Development of Statistical Methods for Population Genomic Data
My main research focuses on building models for statistical inference of the processes underlying genetic variation in large datasets of closely linked genetic markers. Publicly accessible datasets are now available that give detailed pictures of haplotype diversity from a sample of human populations. Genomic data of this form is likely to be increasingly important studying the genetic of disease: successful use of this data requires new statistical techniques. My main interest is in how we use known human evolutionary history to inform genetic studies of common human disease – such as type 1 and type II diabetes, hypertension and coronary artery disease.

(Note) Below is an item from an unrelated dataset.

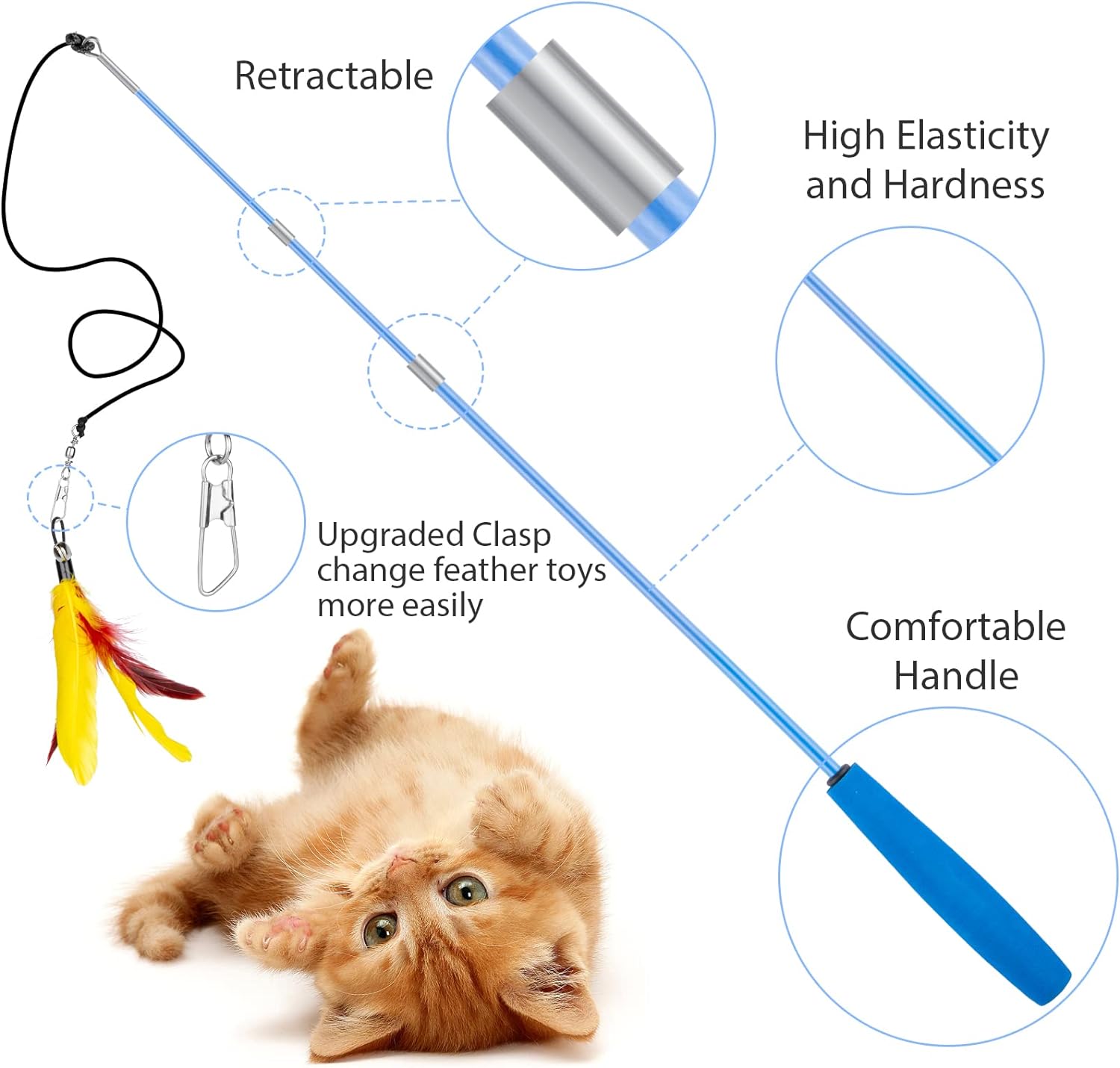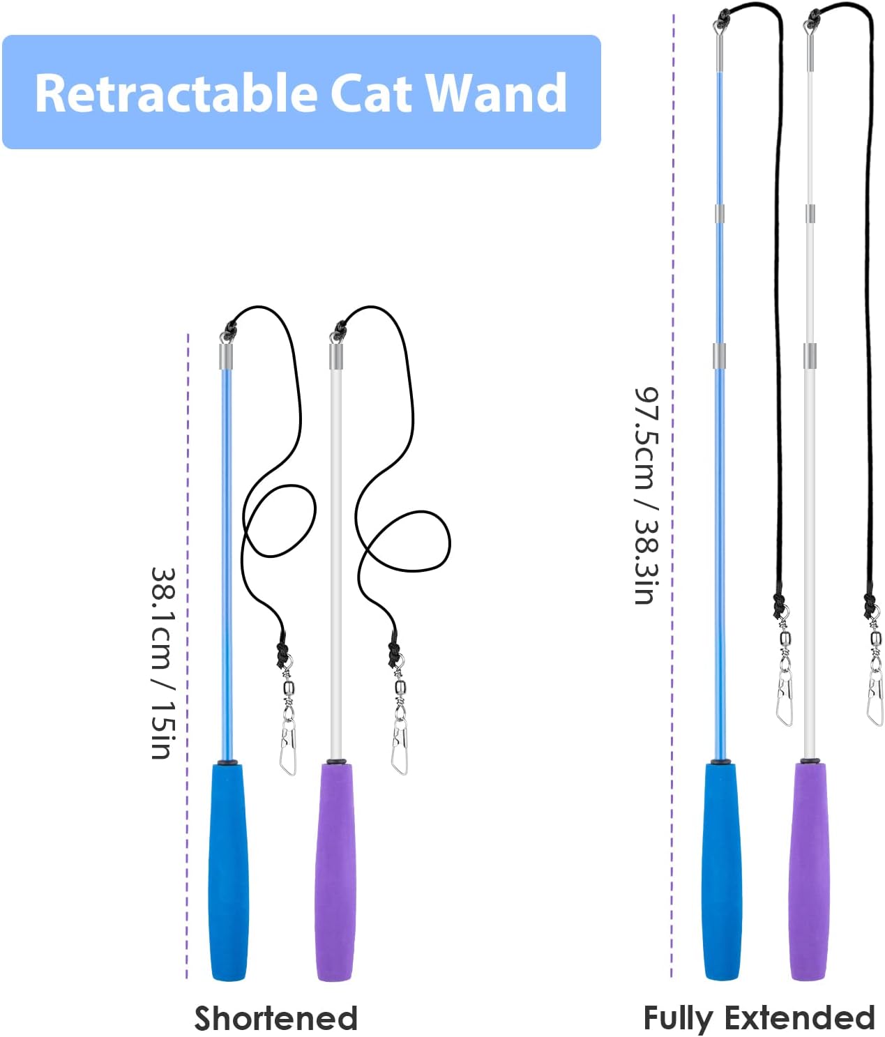Retractable Cat Wand Toys: The wand can adjusted to your desired length. It's very light, flexible, durable and easy to store. The foam handle makes your hands more comfortable and make it possible to play a longer time without getting you tired.

I am developing models that describe genomic data and can be used to estimate genetic parameters from subdivided populations, and, more importantly, can sample from the conditional distribution of an unseen variant, conditional on genomic variation. A large number of population genomic problems can be described under this prediction-with-subdivision framework and problems of immediate interest can be made to conform such as fine-scale mapping for case-control studies of genetic variation, and the search for loci that have undergone different selective regimes in sampled subpopulations.
Recent work has focussed on methods for inferring human evolutionary history from worldwide DNA samples. Projects have concentrated on the X and Y chromosomes and mitochondrial DNA. I am the author of BATWING, which has been used extensively in inferring human history using the Y chromosome.